**Work instruction**: All entries below are to be reproduced precisely as they stand, without the pictures.

**Excerpted data**:
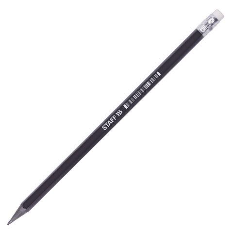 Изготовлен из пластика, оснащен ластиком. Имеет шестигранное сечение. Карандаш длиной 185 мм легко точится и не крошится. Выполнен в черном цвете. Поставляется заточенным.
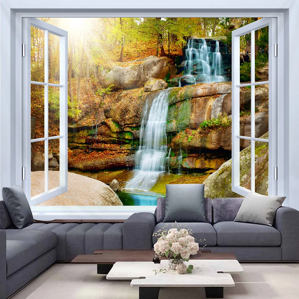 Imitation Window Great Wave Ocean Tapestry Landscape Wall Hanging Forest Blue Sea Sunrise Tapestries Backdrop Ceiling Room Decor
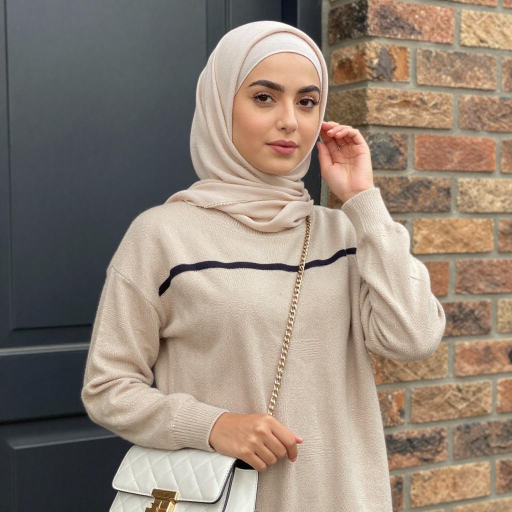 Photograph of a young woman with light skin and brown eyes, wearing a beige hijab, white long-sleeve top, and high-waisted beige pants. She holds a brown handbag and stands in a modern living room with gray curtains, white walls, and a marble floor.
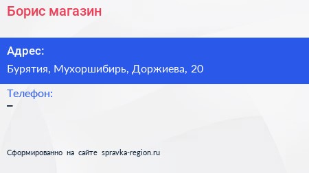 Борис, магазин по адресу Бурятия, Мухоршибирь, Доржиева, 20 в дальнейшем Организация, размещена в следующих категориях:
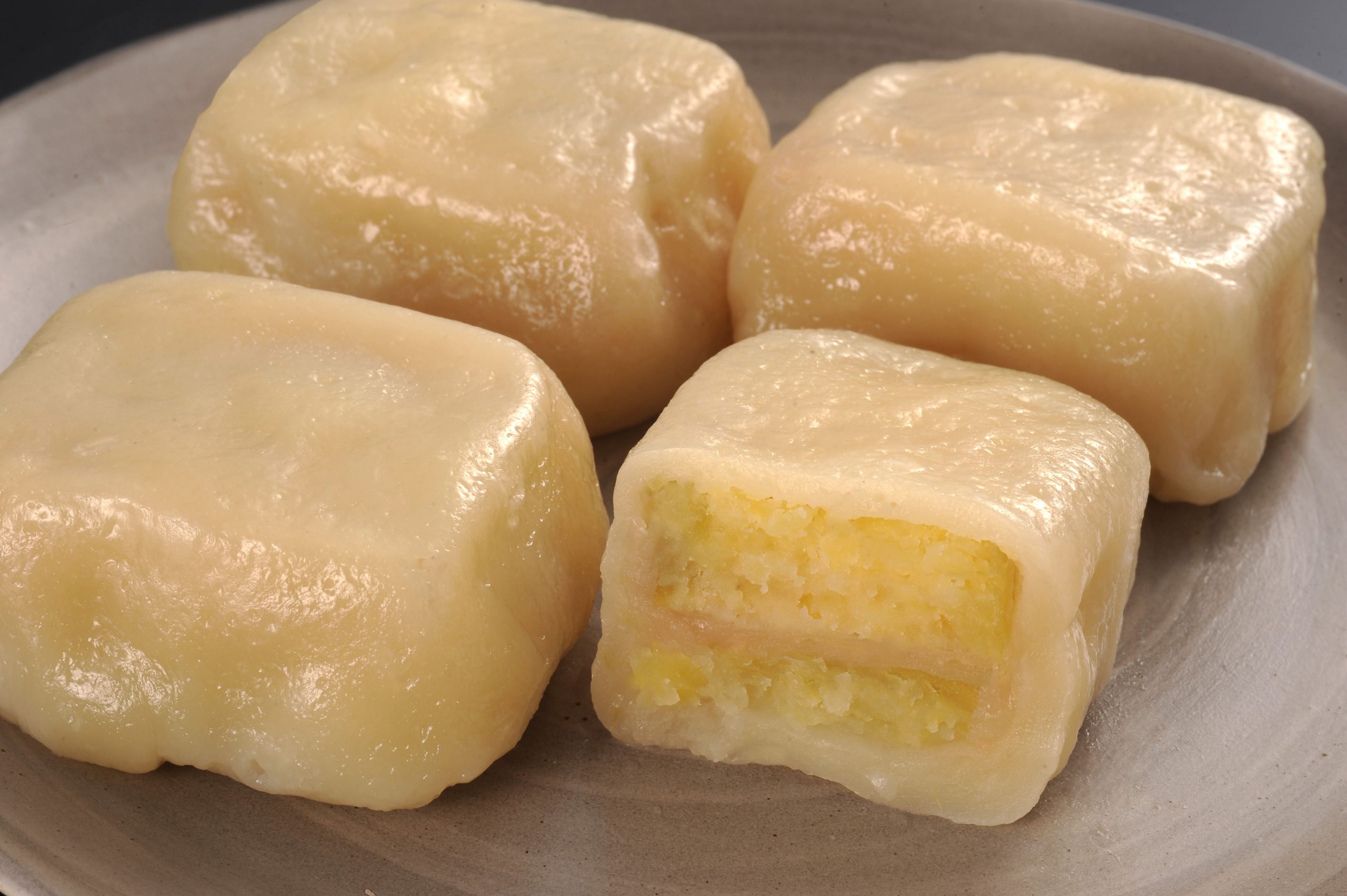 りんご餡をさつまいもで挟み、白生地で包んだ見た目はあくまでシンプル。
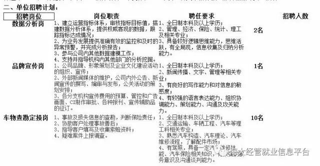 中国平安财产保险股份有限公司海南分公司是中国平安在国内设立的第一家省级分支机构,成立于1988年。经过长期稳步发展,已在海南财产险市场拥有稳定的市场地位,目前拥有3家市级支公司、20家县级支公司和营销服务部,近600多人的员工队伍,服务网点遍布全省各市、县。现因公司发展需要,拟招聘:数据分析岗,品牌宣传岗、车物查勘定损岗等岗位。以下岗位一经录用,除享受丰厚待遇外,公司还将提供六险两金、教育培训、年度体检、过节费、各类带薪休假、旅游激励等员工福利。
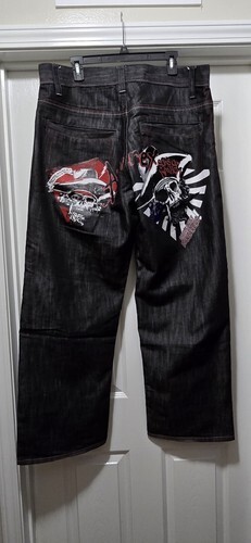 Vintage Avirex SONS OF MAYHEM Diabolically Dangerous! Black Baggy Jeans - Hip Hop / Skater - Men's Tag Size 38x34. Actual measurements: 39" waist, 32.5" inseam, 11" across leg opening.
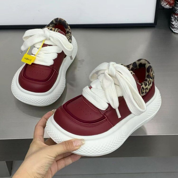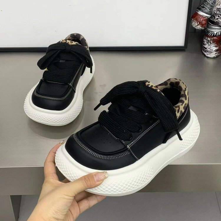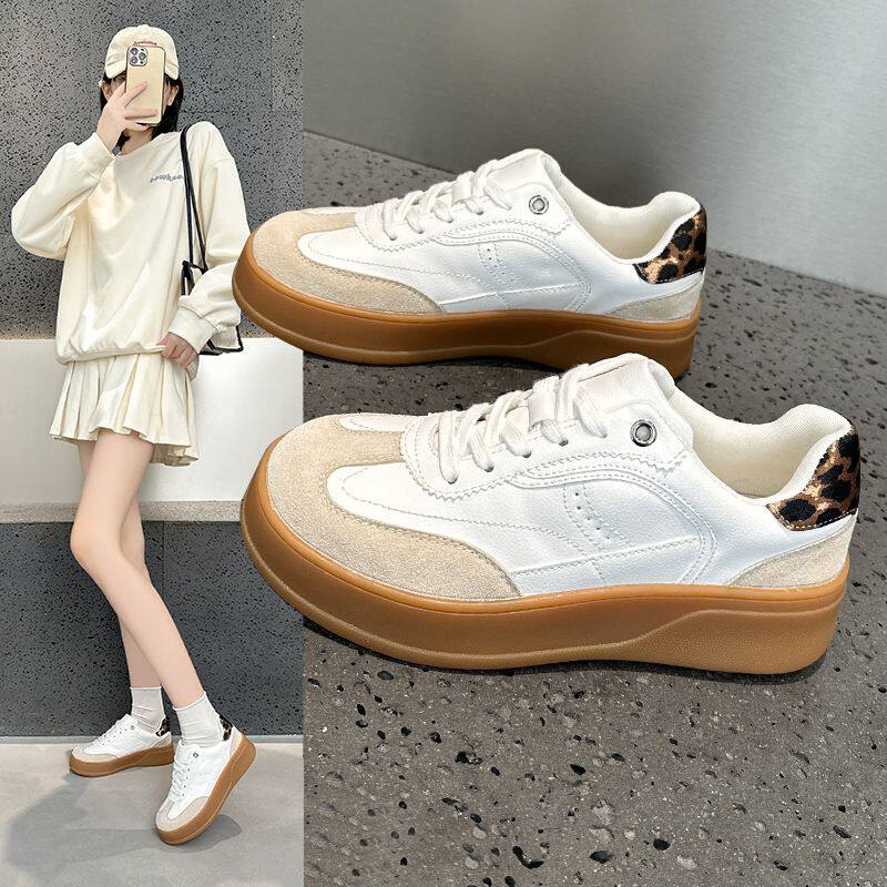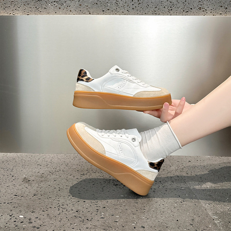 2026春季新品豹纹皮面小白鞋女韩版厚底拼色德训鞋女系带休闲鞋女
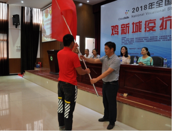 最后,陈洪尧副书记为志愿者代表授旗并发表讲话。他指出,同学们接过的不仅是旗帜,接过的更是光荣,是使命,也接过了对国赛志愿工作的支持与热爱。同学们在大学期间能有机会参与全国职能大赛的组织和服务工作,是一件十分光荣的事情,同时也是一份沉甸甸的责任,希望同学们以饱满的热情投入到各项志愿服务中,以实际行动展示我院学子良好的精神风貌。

**The completed task**:
 Изготовлен из пластика, оснащен ластиком. Имеет шестигранное сечение. Карандаш длиной 185 мм легко точится и не крошится. Выполнен в черном цвете. Поставляется заточенным.
 Imitation Window Great Wave Ocean Tapestry Landscape Wall Hanging Forest Blue Sea Sunrise Tapestries Backdrop Ceiling Room Decor
 Photograph of a young woman with light skin and brown eyes, wearing a beige hijab, white long-sleeve top, and high-waisted beige pants. She holds a brown handbag and stands in a modern living room with gray curtains, white walls, and a marble floor.
 Борис, магазин по адресу Бурятия, Мухоршибирь, Доржиева, 20 в дальнейшем Организация, размещена в следующих категориях:
 りんご餡をさつまいもで挟み、白生地で包んだ見た目はあくまでシンプル。
 中国平安财产保险股份有限公司海南分公司是中国平安在国内设立的第一家省级分支机构,成立于1988年。经过长期稳步发展,已在海南财产险市场拥有稳定的市场地位,目前拥有3家市级支公司、20家县级支公司和营销服务部,近600多人的员工队伍,服务网点遍布全省各市、县。现因公司发展需要,拟招聘:数据分析岗,品牌宣传岗、车物查勘定损岗等岗位。以下岗位一经录用,除享受丰厚待遇外,公司还将提供六险两金、教育培训、年度体检、过节费、各类带薪休假、旅游激励等员工福利。
 Vintage Avirex SONS OF MAYHEM Diabolically Dangerous! Black Baggy Jeans - Hip Hop / Skater - Men's Tag Size 38x34. Actual measurements: 39" waist, 32.5" inseam, 11" across leg opening.
 2026春季新品豹纹皮面小白鞋女韩版厚底拼色德训鞋女系带休闲鞋女
 最后,陈洪尧副书记为志愿者代表授旗并发表讲话。他指出,同学们接过的不仅是旗帜,接过的更是光荣,是使命,也接过了对国赛志愿工作的支持与热爱。同学们在大学期间能有机会参与全国职能大赛的组织和服务工作,是一件十分光荣的事情,同时也是一份沉甸甸的责任,希望同学们以饱满的热情投入到各项志愿服务中,以实际行动展示我院学子良好的精神风貌。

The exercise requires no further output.